Слишком еще недавно русский человек был целым, не ведавшим и даже не предполагавшим деления на "толпу и поэта", ибо был религиозен не в бытовом, а всеобъемлющем смысле, и книга его была Евангелие и Послание, Моление и Слово, и она была равно обращена к государю и крестьянину, иерарху церкви и ремесленнику. XVIII век, конечно, много успел в выветривании духа и разжаловании Божьего Слова в поэтическое, моления в художественное размышление, псалма в оду, но он не мог так же скоро выветрить в человеке евангельски служебное понимание письменной речи. Человек легко предал существо слова, но остался простодушно уверен, что сохранил право владения им. Увидев слово без священной ризы, он вообразил, что теперь может получить поучение даром, без труда веры и посылать слово по своим мелочным моральным поручениям.
Человек из единичного, каков он всегда перед Богом, дезертировал в толпу, в чернь, немедленно и, вероятно, даже бессознательно торопясь утвердить свою порочную диктатуру, подмять поэта и тем не оставить над собою суда, самовольно "выписав себе билет", если воспользоваться словом Достоевского.
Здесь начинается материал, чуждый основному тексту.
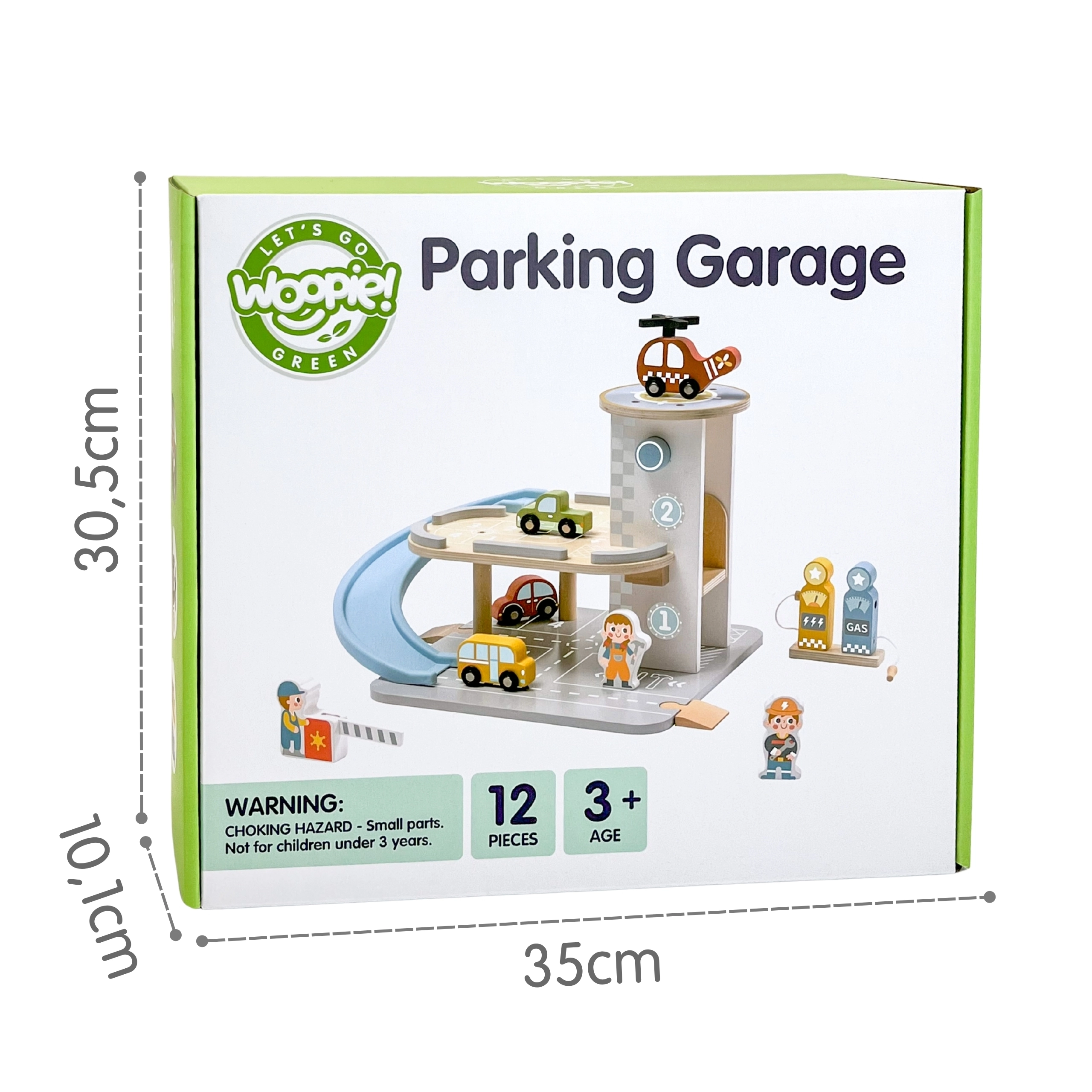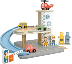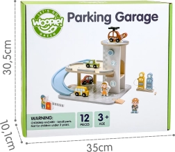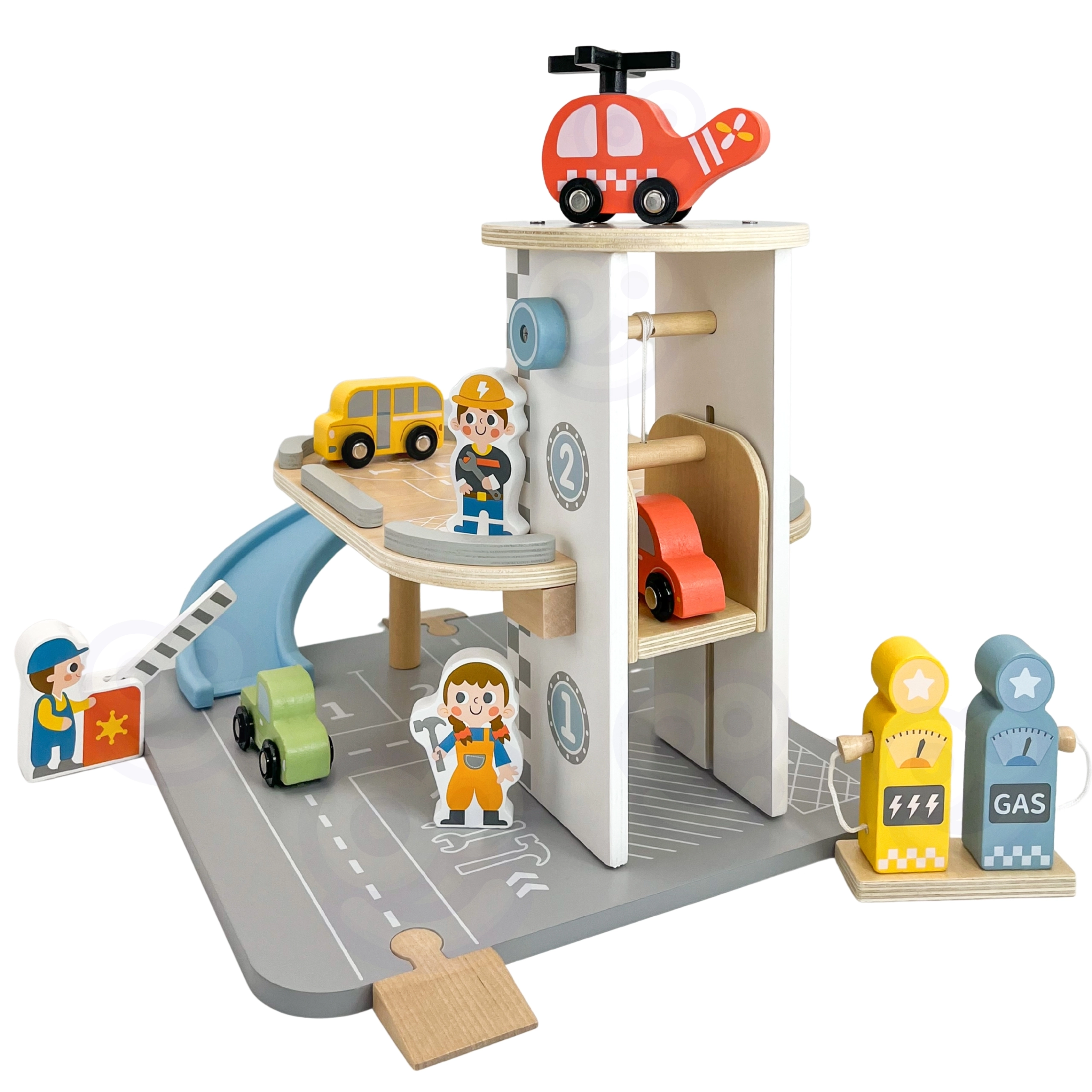 Koka autostāvvieta 2-in-1 apvieno divu līmeņu garāžu un degvielas uzpildes staciju, lai bērni varētu rotaļāties ar braukšanu, parkēšanu un uzpildīšanu. Mašīnītes slīd pa zilo spirālveida rampu, helikopters ar rotējošu propelleri nolaižas uz jumta heliporta, bet apkalpes figūriņas rūpējas par visu darbību. Kvalitatīvs koka izpildījums un stabila pamatne nodrošina drošu spēli no 3 gadu vecuma.

Он благосклонно, а то и восторженно принимал оды Ломоносова и Державина, баллады Жуковского, романтические поэмы Пушкина, его молодую лирику, даже поэтическое вольнодумство, но стоило поэту напомнить о настоящем Божьем свете человека, его свободе, его одиночестве, его ответе перед небом, стоило стать тем, для чего и избран поэт, для чего ему дан дар, стоило вспомнить, Кем он дан, и начать служить слову с грозной полнотой понимания того, что призвание всегда жертвенно, как толпа почувствовала угрозу своему покойному самодовольству, а поэт, еще вчера видевший перед собой благосклонных читателей, вдруг со смятением увидел чернь, опустевшее лицо растратившего свое единство, свое Божье целое человека и по-настоящему понял неизбежность жертвы, свою обреченность. "Восторженных похвал пройдет минутный шум; услышишь суд глупца..." Горше всего, что часто услышишь этот суд из тех же уст, что вчера гремели восторженными похвалами.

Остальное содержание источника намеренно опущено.